𝅝

Musical Symbol Whole Note

Copy and paste the musical symbol whole note symbol 𝅝 (U+1D15D) instantly. Part of the Musical Symbols Unicode block.

Works everywhere: websites, documents, social media, code editors

Character Codes

UnicodeU+1D15D
HTML Entity𝅝
CSS Code\1D15D
JavaScript\u{1D15D}
Decimal𝅝

About This Symbol

Name
Musical Symbol Whole Note
Unicode Block
Musical Symbols
Code Point
U+1D15D

The Musical Symbol Whole Note (𝅝) is a Unicode character assigned to the Musical Symbols block at code point U+1D15D. This block contains characters used across a variety of applications including technical documentation, web development, mathematical notation, and everyday digital communication. The musical symbol whole note symbol can be inserted directly into text or referenced through its HTML entity, CSS code, or JavaScript escape sequence for use in websites and applications.

How to Use

  • 1.Click "Copy Symbol" above to copy 𝅝 to your clipboard
  • 2.Paste it anywhere with Ctrl+V (or Cmd+V on Mac)
  • 3.Or use the HTML entity 𝅝 in your code
  • 4.For CSS, use \1D15D with the content property

Understanding Musical Symbol Whole Note

At code point U+1D15D, the musical symbol whole note (𝅝) occupies a carefully chosen position within the Musical Symbols allocation. The Unicode Consortium assigned this character to address the need for a reliable, cross-platform representation of this symbol in electronic documents and interfaces.

The hexadecimal value 1D15D places this character at decimal position 119133 in the Unicode table. At this position, the character falls 13 positions past the nearest hex boundary, a detail relevant for font engineers mapping glyph tables. For practical use, 𝅝 in HTML or \u{1D15D} in JavaScript are the most common insertion methods.

Known by its descriptive name referencing "musical symbol," this character serves a specific role that generic symbols cannot fill. It appears in specialized typography, technical standards, and digital content where precision in symbol choice directly affects meaning or layout.

About Musical Symbols

Musical notation in Unicode captures the visual language of Western staff notation — clefs, notes, rests, accidentals, dynamics, and articulation marks that musicians have used for centuries. The Byzantine Musical Symbols block preserves the notation system still used in Eastern Orthodox liturgical singing, while Ancient Greek Musical Notation records a system that predates modern staff notation by over two millennia.

Western musical notation began as neumes — vague squiggles above text in medieval manuscripts that indicated melodic direction but not exact pitch. By the 11th century, Guido d'Arezzo introduced the staff system that, remarkably, remains in use today. Centuries of refinement added time signatures, dynamic markings, and increasingly precise performance instructions. The Unicode Musical Symbols block, added in version 3.1, was the first attempt to encode this rich visual system as characters rather than images.
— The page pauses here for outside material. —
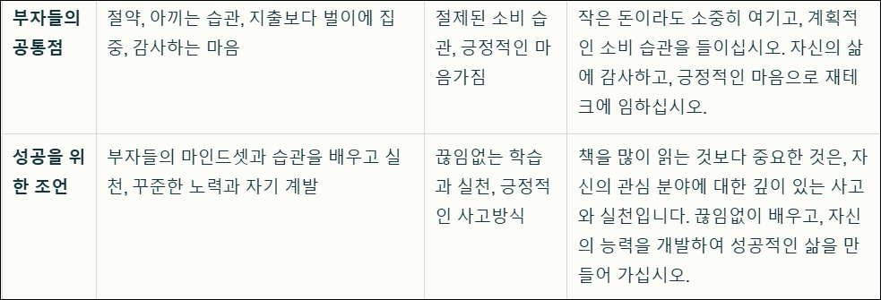 더 이상 부자들의 세계는 넘볼 수 없는 영역이 아닙니다. 10년 이상 100억 이상의 자산가들을 만나고 상담해 온 전문가들의 이야기를 통해, 부자들의 마인드셋과 습관을 배우고 실천한다면 여러분도 충분히 부의 추월차선에 합류할 수 있습니다. 망설이지 말고 지금 바로 행동하십시오. 당신의 미래는 당신의 손에 달려 있습니다.

Byzantine notation, an independent tradition dating to the Byzantine Empire, uses a system of intervallic signs that specify relative pitch movement rather than absolute pitch.

Common Uses

  • Music education materials and theory textbooks
  • Digital music notation software interoperability
  • Liturgical text with embedded musical directions
  • Academic musicological research and publishing
  • Accessible music description for screen readers

Technical Notes: Musical symbols in Unicode are primarily intended for inline textual use rather than full score rendering — creating a complete musical score requires specialized software like LilyPond, Finale, or MuseScore that positions symbols on staves with precise spatial relationships. The Unicode encoding provides the individual symbols but not the two-dimensional layout grammar of music. The SMuFL (Standard Music Font Layout) specification extends Unicode's musical coverage with thousands of additional glyphs in the Private Use Area for comprehensive notation needs.
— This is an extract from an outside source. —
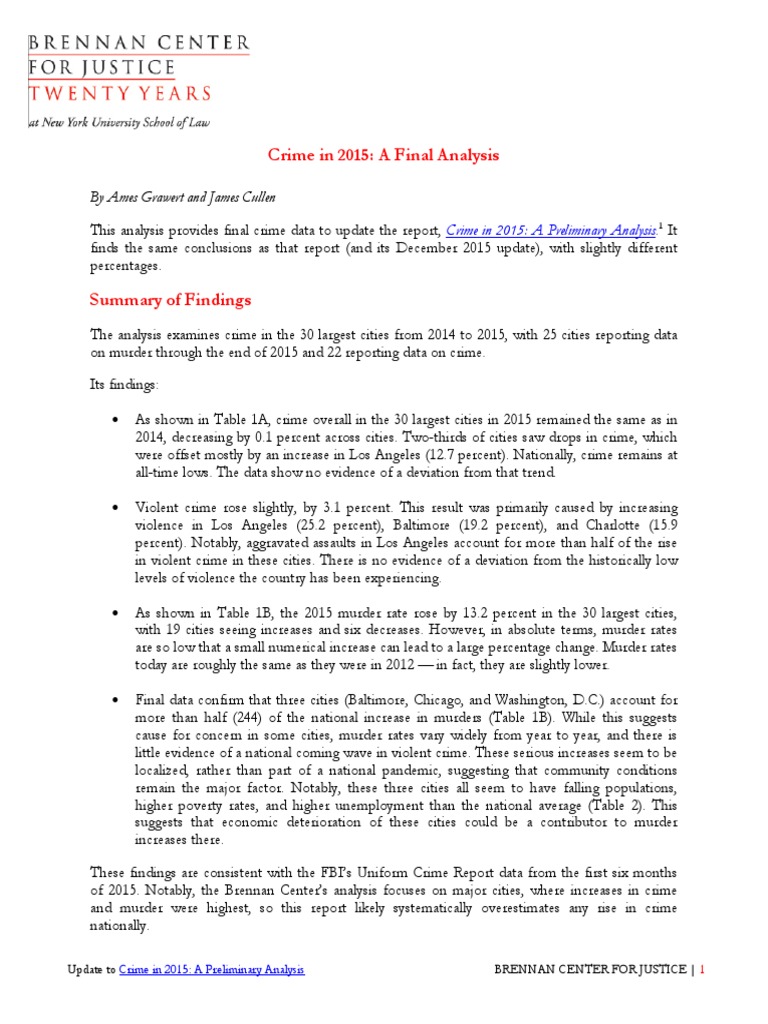of 2015. Notably, the Brennan Centers analysis focuses on major cities, where increases in crime

Cultural Context: Musical notation is not universal despite its global spread. Indian classical music uses sargam syllables, Chinese traditional notation employs numbered systems (jianpu), and Indonesian gamelan has its own cipher notation. The Unicode encoding of Western, Byzantine, and Ancient Greek notation reflects a historical priority rather than a statement that these systems are more important. Efforts to encode additional notation systems continue, though the inherently spatial and two-dimensional nature of music writing challenges the fundamentally linear character model of Unicode.